Занавес света тихо жужжит, словно электромухобойка.
— Пиранозильная РНК, — сказал Скэнлон. — Пятистороннее кольцо рибозы. Предок современных нуклеиновых кислот, была широко распространена три с половиной миллиарда лет назад. Библиотека говорит, что она вполне могла стать совершенно приемлемой генетической матрицей: более быстрое воспроизводство, чем у ДНК, меньше репликационных ошибок. Но не сложилось.
Роуэн ничего не говорит. Она вроде бы кивнула, но сказать наверняка трудно.
— Многовато для истории про «сельскохозяйственную заразу». Вы мне, наконец, скажете, что происходит, или мы так и будем играть в ролевые игры?

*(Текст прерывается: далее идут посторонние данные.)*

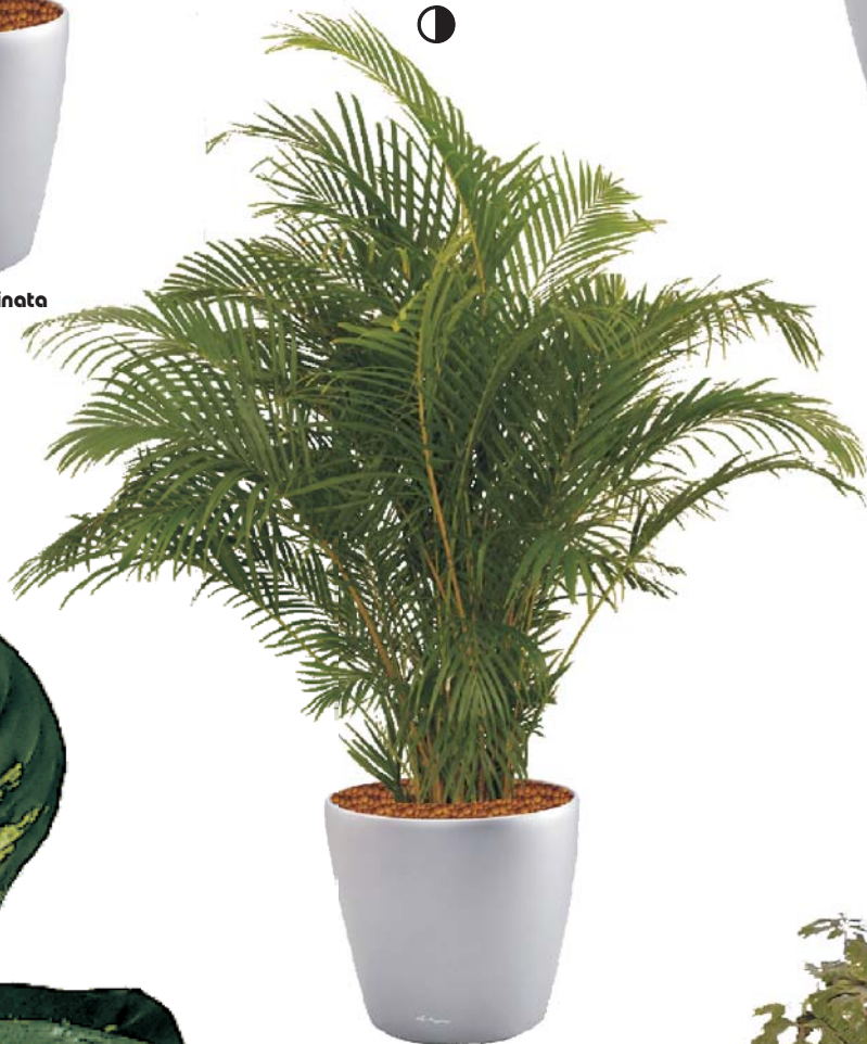
Chrysalidocarpus lutescens 'Areca' Goldfruchtpalme S ●

Патриция встряхнулась, словно очнувшись от чего-то. Впервые она прямо посмотрела на Ива. Стерилизационный свет отразился от ее лба, похоронив глаза в черных озерах тени. Контактные линзы светились, словно залитые изнутри платиной.
Его состояния она явно не заметила.
— Я не лгала вам, доктор Скэнлон. На базовом уровне это можно назвать сельскохозяйственной проблемой. Мы имеем дело с чем-то вроде… почвенной нанобактерии. На самом деле это даже не патогенный организм. Просто… соперник. И нет, у него так и не сложилось. Но, как выяснилось, он все-таки не умер.
Она рухнула в кресло.
— А знаете, что самое плохое во всем этом деле? Мы можем отпустить вас прямо сейчас, и, вполне возможно, все будет в полном порядке. Да скорее всего.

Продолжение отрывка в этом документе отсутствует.